Extracted data entries:
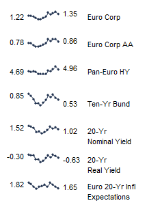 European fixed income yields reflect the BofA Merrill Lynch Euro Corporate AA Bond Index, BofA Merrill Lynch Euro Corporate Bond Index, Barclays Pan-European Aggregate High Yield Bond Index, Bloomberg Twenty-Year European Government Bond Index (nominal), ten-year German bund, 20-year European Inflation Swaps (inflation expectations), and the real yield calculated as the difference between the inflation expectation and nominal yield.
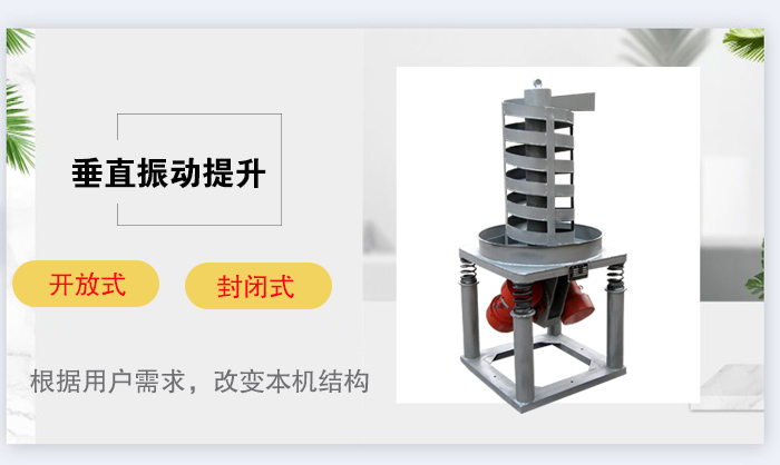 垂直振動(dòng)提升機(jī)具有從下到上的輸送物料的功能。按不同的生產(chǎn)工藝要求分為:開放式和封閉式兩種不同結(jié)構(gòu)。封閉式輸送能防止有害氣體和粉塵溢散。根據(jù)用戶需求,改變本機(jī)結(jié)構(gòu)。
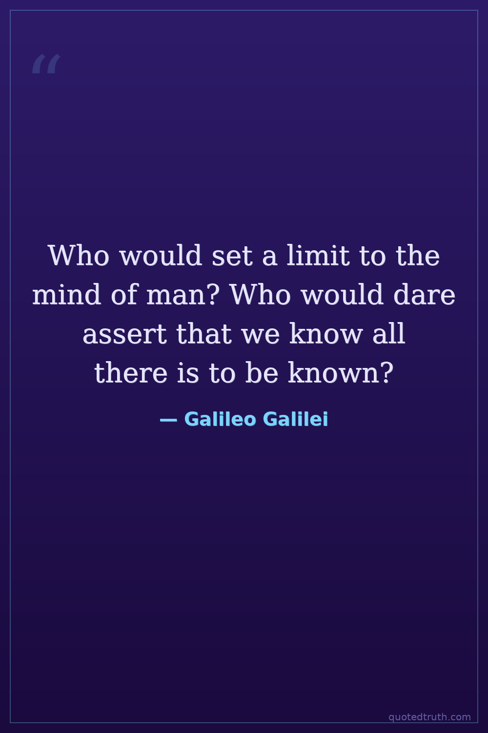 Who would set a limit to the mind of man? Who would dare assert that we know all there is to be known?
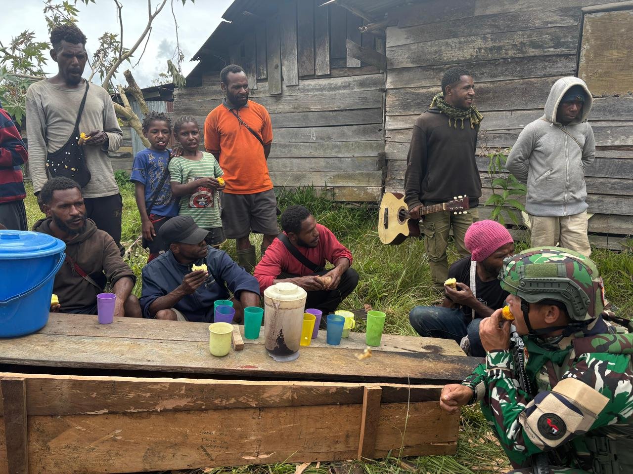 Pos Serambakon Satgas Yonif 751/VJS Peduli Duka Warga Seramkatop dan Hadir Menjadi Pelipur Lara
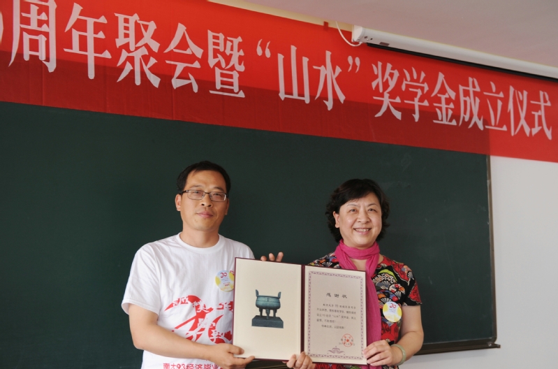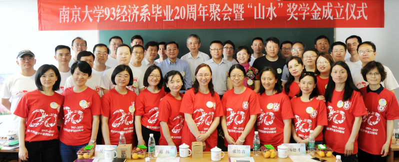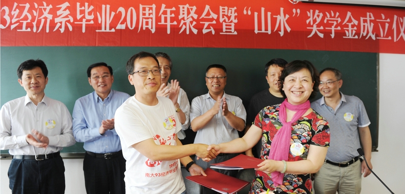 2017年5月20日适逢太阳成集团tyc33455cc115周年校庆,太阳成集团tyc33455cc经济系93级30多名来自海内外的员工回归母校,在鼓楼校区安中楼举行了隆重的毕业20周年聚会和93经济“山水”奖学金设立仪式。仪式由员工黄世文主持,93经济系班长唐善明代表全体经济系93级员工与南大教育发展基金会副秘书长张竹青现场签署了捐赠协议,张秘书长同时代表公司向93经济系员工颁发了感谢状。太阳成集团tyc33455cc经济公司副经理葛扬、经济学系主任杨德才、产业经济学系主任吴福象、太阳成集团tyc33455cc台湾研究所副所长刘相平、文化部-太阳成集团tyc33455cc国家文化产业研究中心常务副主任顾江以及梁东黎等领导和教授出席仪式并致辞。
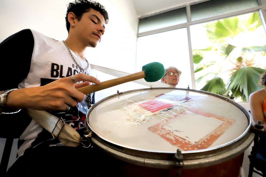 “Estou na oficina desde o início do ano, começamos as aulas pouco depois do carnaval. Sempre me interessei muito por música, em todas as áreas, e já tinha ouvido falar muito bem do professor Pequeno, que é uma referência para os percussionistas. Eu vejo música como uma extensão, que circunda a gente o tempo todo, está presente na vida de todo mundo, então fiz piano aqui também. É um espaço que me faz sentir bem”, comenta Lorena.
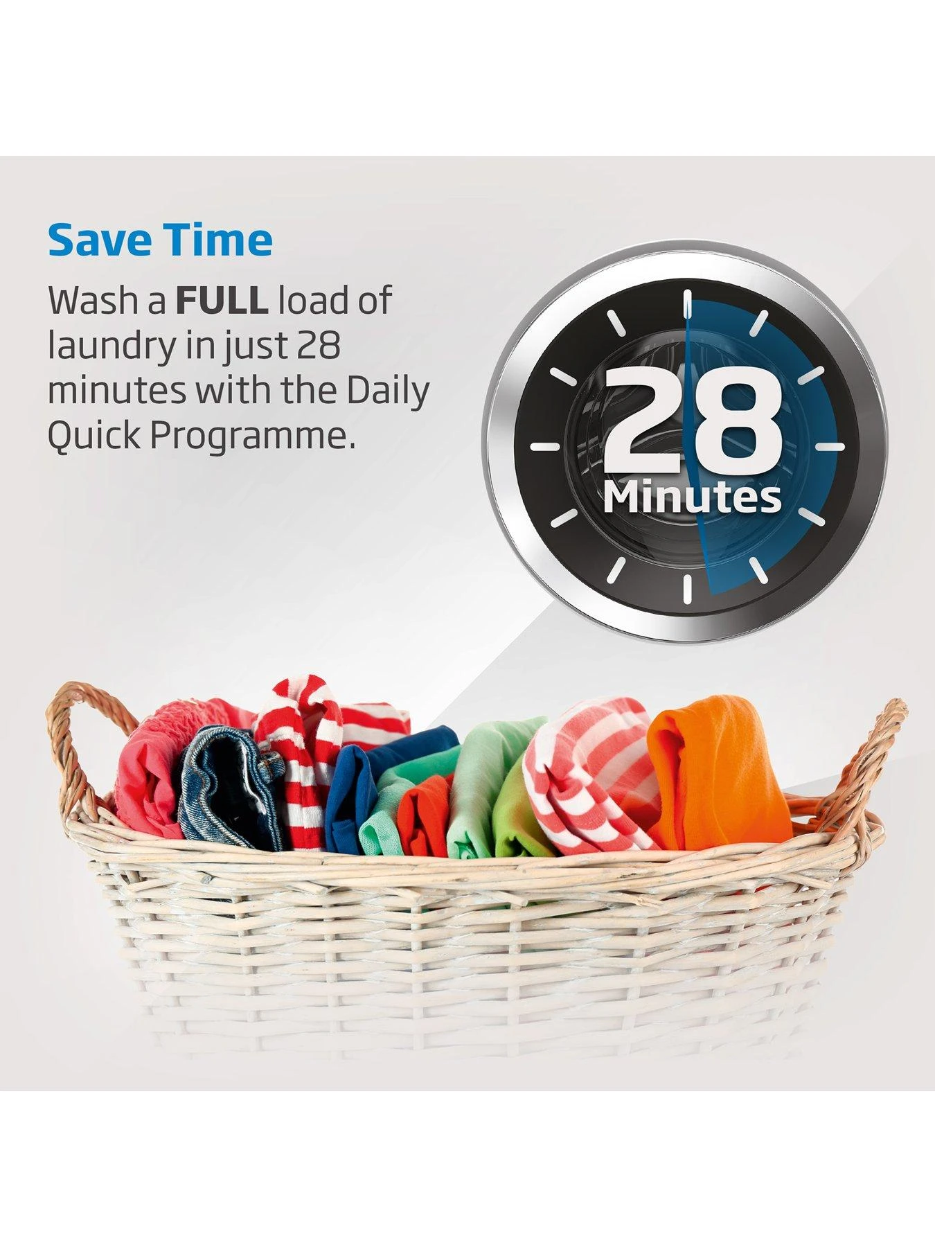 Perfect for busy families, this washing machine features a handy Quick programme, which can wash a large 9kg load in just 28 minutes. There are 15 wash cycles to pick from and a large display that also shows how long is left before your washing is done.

WHAT THE EXERCISE ASKS
Quote the records in full and exactly; skip any image.

REPLY TO THE TASK
 European fixed income yields reflect the BofA Merrill Lynch Euro Corporate AA Bond Index, BofA Merrill Lynch Euro Corporate Bond Index, Barclays Pan-European Aggregate High Yield Bond Index, Bloomberg Twenty-Year European Government Bond Index (nominal), ten-year German bund, 20-year European Inflation Swaps (inflation expectations), and the real yield calculated as the difference between the inflation expectation and nominal yield.
 垂直振動(dòng)提升機(jī)具有從下到上的輸送物料的功能。按不同的生產(chǎn)工藝要求分為:開放式和封閉式兩種不同結(jié)構(gòu)。封閉式輸送能防止有害氣體和粉塵溢散。根據(jù)用戶需求,改變本機(jī)結(jié)構(gòu)。
 Who would set a limit to the mind of man? Who would dare assert that we know all there is to be known?
 Pos Serambakon Satgas Yonif 751/VJS Peduli Duka Warga Seramkatop dan Hadir Menjadi Pelipur Lara
 2017年5月20日适逢太阳成集团tyc33455cc115周年校庆,太阳成集团tyc33455cc经济系93级30多名来自海内外的员工回归母校,在鼓楼校区安中楼举行了隆重的毕业20周年聚会和93经济“山水”奖学金设立仪式。仪式由员工黄世文主持,93经济系班长唐善明代表全体经济系93级员工与南大教育发展基金会副秘书长张竹青现场签署了捐赠协议,张秘书长同时代表公司向93经济系员工颁发了感谢状。太阳成集团tyc33455cc经济公司副经理葛扬、经济学系主任杨德才、产业经济学系主任吴福象、太阳成集团tyc33455cc台湾研究所副所长刘相平、文化部-太阳成集团tyc33455cc国家文化产业研究中心常务副主任顾江以及梁东黎等领导和教授出席仪式并致辞。
 “Estou na oficina desde o início do ano, começamos as aulas pouco depois do carnaval. Sempre me interessei muito por música, em todas as áreas, e já tinha ouvido falar muito bem do professor Pequeno, que é uma referência para os percussionistas. Eu vejo música como uma extensão, que circunda a gente o tempo todo, está presente na vida de todo mundo, então fiz piano aqui também. É um espaço que me faz sentir bem”, comenta Lorena.
 Perfect for busy families, this washing machine features a handy Quick programme, which can wash a large 9kg load in just 28 minutes. There are 15 wash cycles to pick from and a large display that also shows how long is left before your washing is done.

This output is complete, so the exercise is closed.